I'm not sure if there is consensus about this in the literature, but I would go with the first definition in the case of multigraphs. So then the graph from the solution you linked to is not 2-connected. However, it is $2$-connected in the sense that there are $2$ independent paths between any pair of vertices, and this might be what the solution author had in mind.
Alternatively, it might be that the solution author considers the complete graph $K_n$ to be $n$-connected. Indeed, for any set $S$ of at most $n - 1$ vertices, the graph $K_n - S$ is connected (and $K_n$ is the only $n$-vertex graph with this property). In light of the second definition above, it is usually declared that the connectivity of $K_n$ is $n - 1$ instead of $n$. One way to do this is by adding the requirement $|V(G)| > k$, as in the definition above (which is also Diestel's definition). Others solve this by considering a vertex set of $n - 1$ elements to be a vertex cut as well; see for instance this answer.
Still, this doesn't contradict the statement from the exercise. The course website shows that the exercises are taken from Diestel's Graph Theory, and Diestel is very precise in his definitions. Section 4.6 on plane duality is formulated in terms of multigraphs, but the problem at hand deals with a dual pair of plane graphs. In other words, it is assumed that both $G$ and $G^*$ are simple! So the given proof is not quite correct, but this doesn't contradict the exercise at hand.
References:


*

*Reinhard Diestel, Graph Theory, Fourth Edition, Graduate Texts in Mathematics 173, Springer, 2010.
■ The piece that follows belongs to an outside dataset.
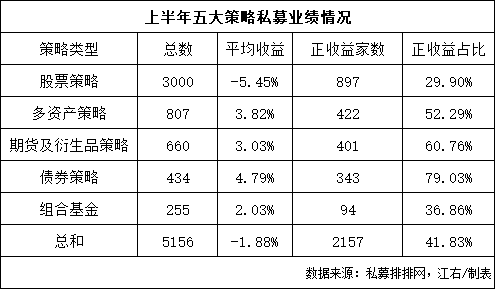 根据三方平台私募排排网数据,截至今年6月30日,有业绩记录的5156家私募旗下五大策略私募证券产品上半年平均收益为-1.88%,其中2157家实现正收益,占比为41.8%。分策略来看,私募旗下债券策略表现突出。有债券策略业绩显示的434家私募旗下债券策略上半年平均收益为4.79%,其中343家实现正收益,占比为79.00%。

¹: The condition $|V(G)| \geq \min(k,2)$ is only needed to exclude the trivial graphs on $0$ or $1$ vertices from being $k$-connected. Diestel omits this criterion and states in the first chapter that these trivial graphs will mostly be treated "with generous disregard". In other words: he basically assumes that any graph has at least two vertices to begin with.